Ne craindre que les esprits sectaires, ouvrir les cœurs et les fenêtres défendus, courir en tous sens avec souplesse au point de paraître manquer de convictions, brûler d’amour enfin, tel fut le destin de Benjamin Constant, né le 25 octobre 1767 à Lausanne, mort à Paris le 8 décembre 1830. Il faudrait ajouter le drôle de tour que lui joue la postérité : cet homme a publié des milliers de pages, mais la plupart de nos contemporains ne connaissent de lui qu’Adolphe, un récit que l’on dit toujours « bref » en oubliant qu’il froisse les cymbales du roman d’analyse, irradie l’histoire de notre littérature, étoile éclairant jusqu’à La prisonnière du grand Marcel.

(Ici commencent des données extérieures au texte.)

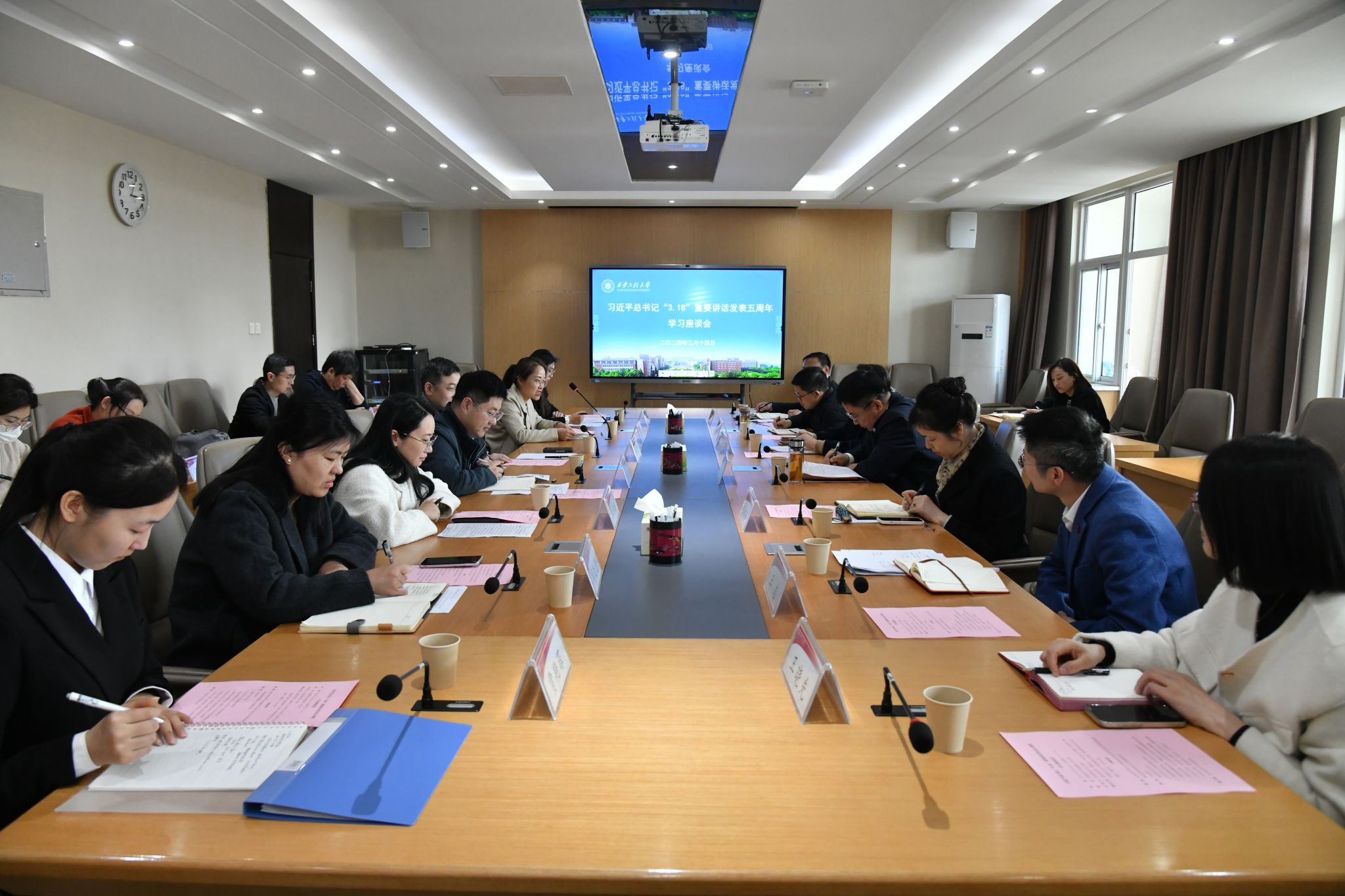 值习近平总书记在学校思政课教师座谈会发表重要讲话五周年之际,3月14日下午,我校在临潼校区行政楼第三会议室召开习近平总书记“3.18”重要讲话发表五周年学习座谈会。校党委副书记井浩主持会议并讲话,党委宣传部、教务处、马克思主义学院、党委学工部、党委研工部、党委教师工作部、校团委等单位负责人,部分教师、辅导员、学生代表参会。

Depuis des années, phénomène heureux, les défenseurs de l’écrivain vaudois se démènent afin de le mieux faire comprendre. Léonard Burnand, directeur de l’Institut Benjamin Constant, professeur d’histoire moderne à l’Université de Lausanne, est de ceux-là. C’est dire s’il était qualifié pour écrire la biographie du bonhomme. « Benjamin Constant », (Perrin, 351 p. 23 €), remarquable ouvrage, va, suivant l’une des expressions préférées de nos amis helvètes, vous décevoir en bien. L’auteur dégage avec élégance et clairvoyance autant les étapes de la vie que les idées principales de son personnage.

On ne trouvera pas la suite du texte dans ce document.